SUPPLIED DATA:

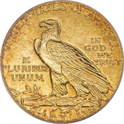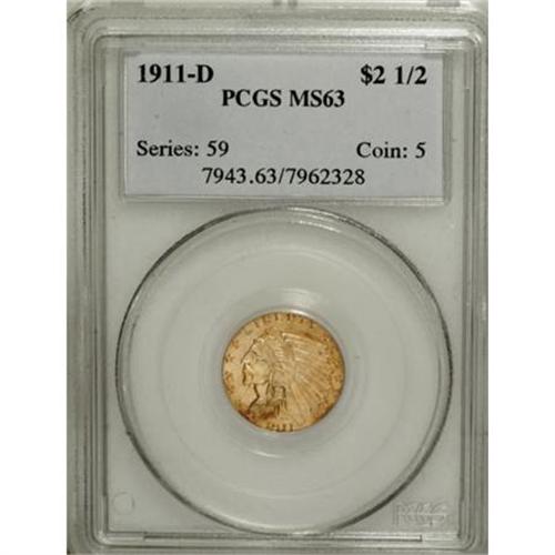 <B>1911-D $2 1/2 MS63 PCGS.</B></I> Paul Green, in a September 17, 1996 <I>Numismatic News</B></I> article entitled "Don't Overlook Indian Head Quarter Eagles," writes of the key date 1911-D: "It has not become any more common over the years. It always has, and always will be the key date in the Indian Head quarter eagle set. Its prices routinely run four or five times higher than the prices of common dates. None question that it is the key date to the set and worth the price."<BR> The Select example offered in this lot displays a blend of peach and reddish-gold patina that rests on bright luster. A well executed strike leaves its mark on the design elements that are quite well defined; only the eagle's shoulder exhibits some softness, and it is quite minor. Magnification reveals a few minute marks, but these do not significantly detract from the overall appeal of this pleasing example.<BR><BR><B>Coin Engraver:</B> Bela Lyon Pratt<BR><BR><b>Shipping:</b> Coins & Currency (<a target="_blank" href="http://www.heritageauctions.com/common/shipping.php">view shipping information</a>)
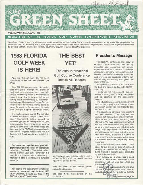 The green sheet. Vol. 4 no. 2 (1988 March/April)
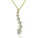 This designer inspired pendant necklace is a slammin' combination of solid .925 sterling silver and smooth 14-karat gold vermeil. Paying respect to the Love Journey motif, this sexy piece is iced out with a graduated row of 7 dazzlin' round cut diamond CZs that are meant to symbolize how you and your boo's love gets stronger every day. With its 16 inch length, this bangin' pendant has a sweet wearing feel. A lobster claw clasp makes sure you'll still look fab without worrying about it fallin' of

EXERCISE: In your copy, restate the data above word for word but leave out any picture.

RESULT:
 <B>1911-D $2 1/2 MS63 PCGS.</B></I> Paul Green, in a September 17, 1996 <I>Numismatic News</B></I> article entitled "Don't Overlook Indian Head Quarter Eagles," writes of the key date 1911-D: "It has not become any more common over the years. It always has, and always will be the key date in the Indian Head quarter eagle set. Its prices routinely run four or five times higher than the prices of common dates. None question that it is the key date to the set and worth the price."<BR> The Select example offered in this lot displays a blend of peach and reddish-gold patina that rests on bright luster. A well executed strike leaves its mark on the design elements that are quite well defined; only the eagle's shoulder exhibits some softness, and it is quite minor. Magnification reveals a few minute marks, but these do not significantly detract from the overall appeal of this pleasing example.<BR><BR><B>Coin Engraver:</B> Bela Lyon Pratt<BR><BR><b>Shipping:</b> Coins & Currency (<a target="_blank" href="http://www.heritageauctions.com/common/shipping.php">view shipping information</a>)
 The green sheet. Vol. 4 no. 2 (1988 March/April)
 This designer inspired pendant necklace is a slammin' combination of solid .925 sterling silver and smooth 14-karat gold vermeil. Paying respect to the Love Journey motif, this sexy piece is iced out with a graduated row of 7 dazzlin' round cut diamond CZs that are meant to symbolize how you and your boo's love gets stronger every day. With its 16 inch length, this bangin' pendant has a sweet wearing feel. A lobster claw clasp makes sure you'll still look fab without worrying about it fallin' of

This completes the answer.